Summertime im EVA!

Summertime im EVA!

Was alles so passierte

Zur Geschichte

Schon Ende der 80er Jahre haben Frauen der Evangelischen Kirche in Frankfurt am Main eine Vision: Ein Begegnungszentrum für Frauen an zentralem Ort in der Stadt.

Eine Projektgruppe, in der Frauen aus verschiedenen Bildungseinrichtungen und Gemeindepfarrerinnen mitarbeiten, ist aktiv in den Vorüberlegungen und Planungen des EVAngelischen Frauenbegegnungszentrums beteiligt. Im Jahr 1997 schließlich ziehen das Evangelische Pfarramt für Frauenarbeit unter Leitung von Pfarrerin Helga Engler-Heidle und „Frau im Beruf“ mit Angelika Förg als Leiterin in die Räume in der Saalgasse 15 und Römerberg 9 und laden zu einer Eröffnungswoche vom 7. – 14. Oktober 1997 ein.

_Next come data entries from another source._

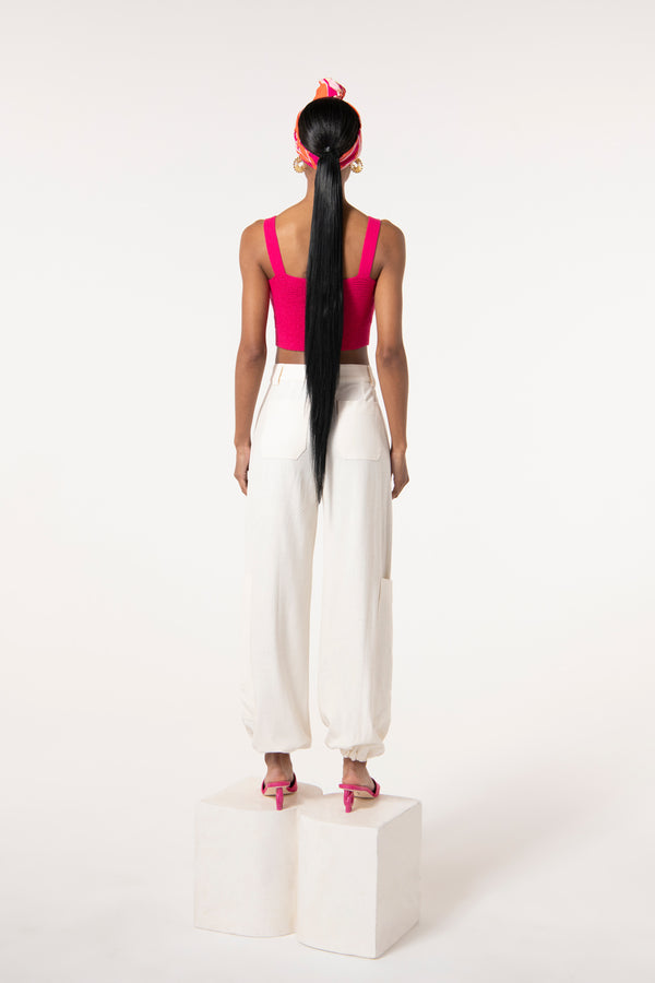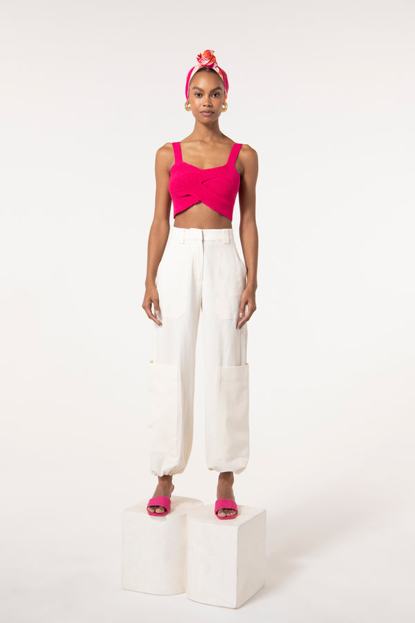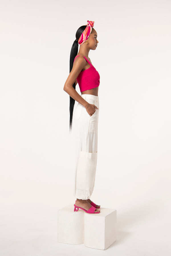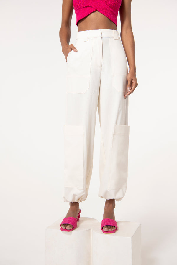 Fit NotesModel is 5'9" and is wearing a size 4 High waist Cargo pockets Wide leg Adjustable drawstring cord at hem Composition and Care83% Viscose, 14% Polyester, 3% Elastane |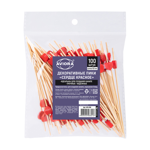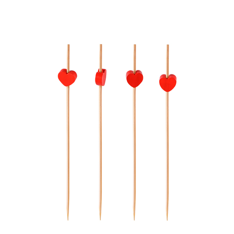 Декоративные пики из бамбука «Сердце красное», 120 мм, 100 шт/уп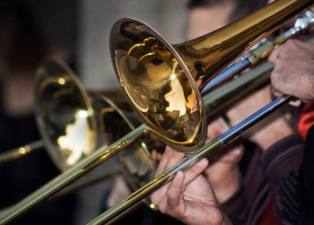 Close-up view of musicians playing trombones. Focus on the foreground, trombone bell.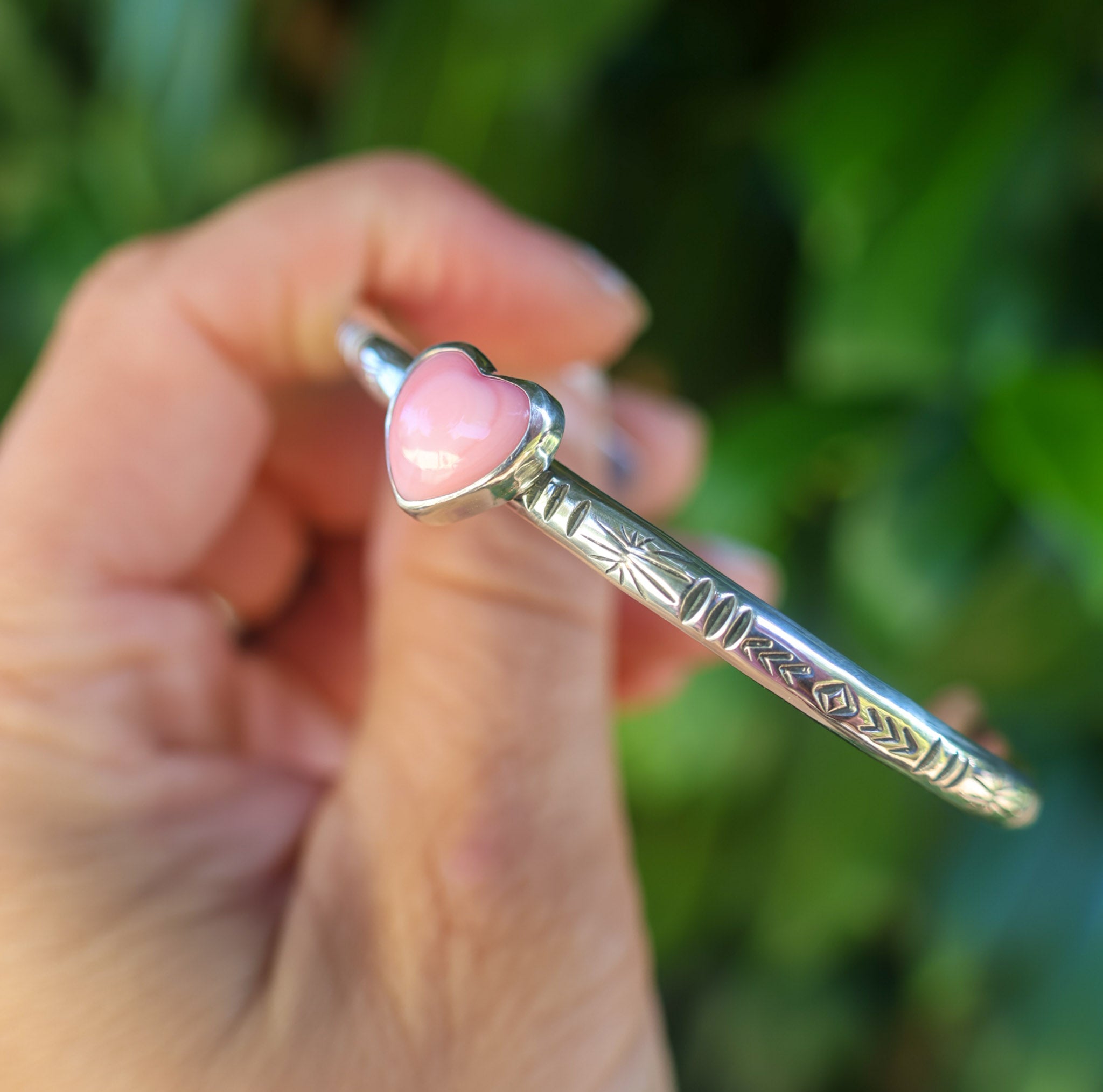 Made from 925 Sterling Silver and a 6 gauge thick sterling silver band. This cuff is a size medium , measuring 5.5” with a 1” gap. This will fit an ‘average’ typical women’s wrist size, and is slightly adjustable for a comfort fit.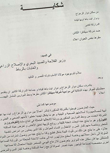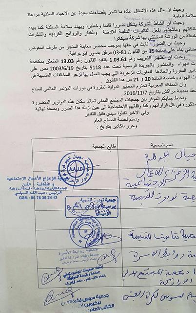 وقررت الساكنة مراسلة المسؤولين على الصعيد الوطني، لتنبيههم إلى خطورة الوضع الذي تعيشه منطقتهم قبل دخولهم في احتجاجات ضد تزايد التلوث الهواء الذي يتفاقم يوما تلو آخر.

Beide Einrichtungen bringen ihre Schwerpunkte in das neue Zentrum mit: das Frauenpfarramt die theologischen und spirituellen Angebote bzw. seine Aufgabe der Vernetzung der kirchlichen Frauenarbeit und „Frau im Beruf“ die Angebote für berufstätige, alleinstehende Frauen mit lebensbegleitenden Seminaren und Freizeitangeboten. Beide Einrichtungen hatten immer schon biblische Seminare und Gottesdienste in ihrem Programm.

In der langjährigen Arbeit – das Frauenpfarramt seit 1950, Frau im Beruf seit 1969 – sind viele ehrenamtliche Mitarbeiterinnen und viele Interessentinnen gewonnen worden. Als lebensbegleitende Gruppen sind der Mittwochskreis und FiB am Donnerstag (Frau im Beruf am Donnerstag) weiterhin engagiert und stehen ebenso für Beständigkeit und Beharrlichkeit wie für Weiterentwicklung und Offenheit für Neue(s).

Mit dem Einzug ins Zentrum wurden Ziele neu definiert, Inhalte aufeinander abgestimmt und neue Aufgabengebiete konnten erschlossen werden. Der Neuanfang bot vielfältige Chancen, Frauen inmitten der Stadt sichtbar werden zu lassen. Bis heute wird das Zentrum als Ort der Begegnung und Bildung von der Öffentlichkeit wahrgenommen. Die Räume sind ein beliebter Treffpunkt für Frauen aus Frankfurt und weit darüber hinaus.